Chaque été, la même question revient au moment de remplir son sac de plage : faut-il mettre le prix pour être bien protégé du soleil ? Les derniers tests comparatifs et les alertes des autorités sanitaires apportent en 2026 une réponse plutôt rassurante pour le porte-monnaie, mais qui invite aussi à regarder d’un peu plus près la composition de son tube.
Le prix n’est pas un gage de protection
Les associations de consommateurs qui comparent régulièrement les crèmes solaires du marché mesurent trois critères principaux : la protection UVA, la protection UVB, la résistance à l’eau, et surtout la conformité entre l’indice affiché sur le tube (SPF 30, 50, 50+…) et la protection réellement mesurée en laboratoire. Résultat récurrent de ces comparatifs : un tube de grande surface vendu moins de 10 € peut obtenir une meilleure note globale qu’une référence premium vendue environ 25 €, soit près de deux fois et demie plus cher.
Une explication tient à la structure même du prix d’un produit solaire : le coût de fabrication d’un tube vendu en pharmacie avoisinerait à peine 0,80 €, le reste du prix de vente finançant l'emballage, le marketing et la marge de la marque plutôt qu’une meilleure efficacité de la formule.
Un filtre UV dans le viseur des autorités sanitaires
Au-delà du prix, un autre sujet occupe les autorités sanitaires françaises : certains filtres UV utilisés dans les formules.
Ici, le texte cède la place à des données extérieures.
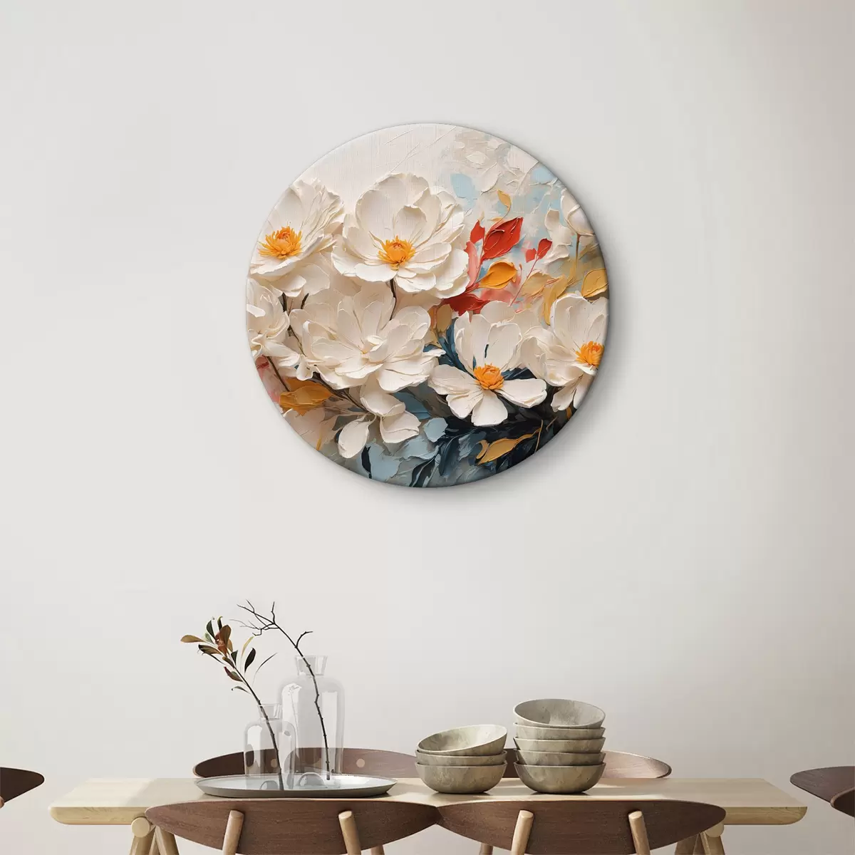 Tableaux rondes Fleurs blanches abstraites à l'huile r40862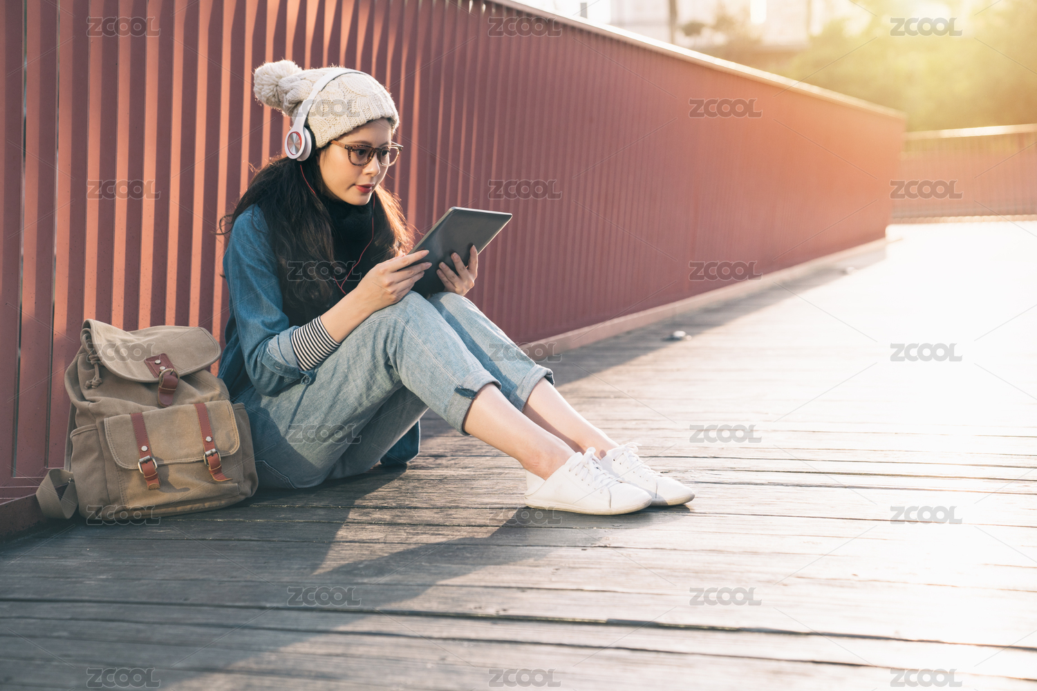 迷人的姑娘閱讀和瀏覽電子書(shū)或平板坐在公園的橋面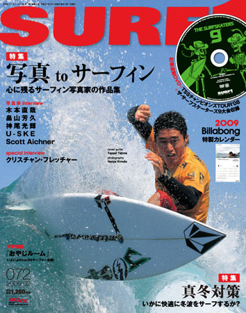 サーフィン好きなら刺激的なSURF1zehi ◆まずは巻頭大特集「写真 toサーフィン」ぶち抜き40ページで展開=世界一のスコット・アイクナー、木本直哉、畠山芳久、神尾光輝、U-SKEらの写真家としての生き様インタビューは必読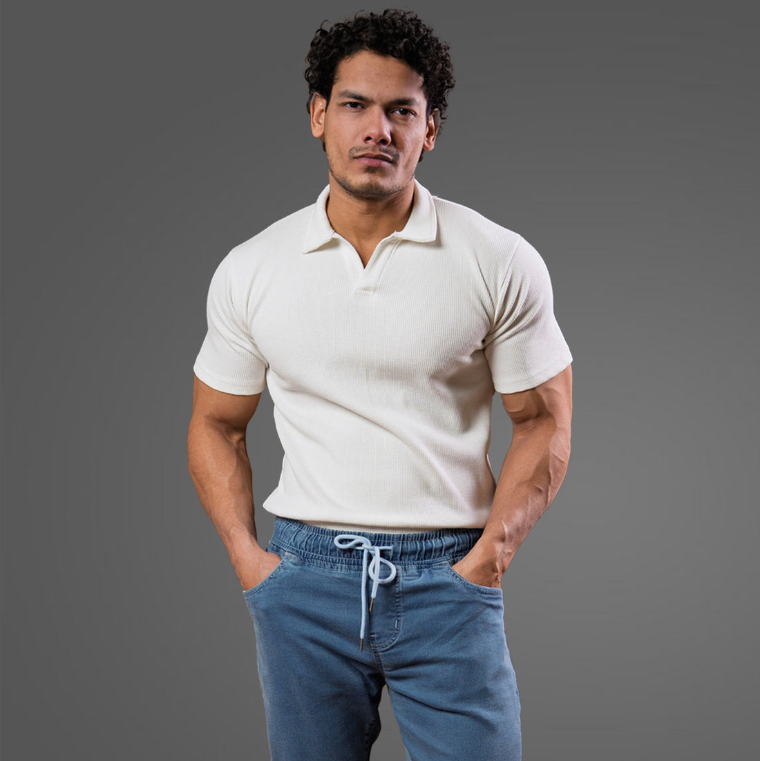 White Johnny Collar Polo

L’Anses a ainsi proposé l’interdiction de l’octocrylène, un filtre chimique très répandu, après avoir constaté qu’il s’accumule dans l’organisme au fil du temps. Cette recommandation ne signifie pas que tous les produits qui en contiennent sont dangereux à court terme, mais elle invite à surveiller la liste des ingrédients, quel que soit le budget consacré à sa protection solaire.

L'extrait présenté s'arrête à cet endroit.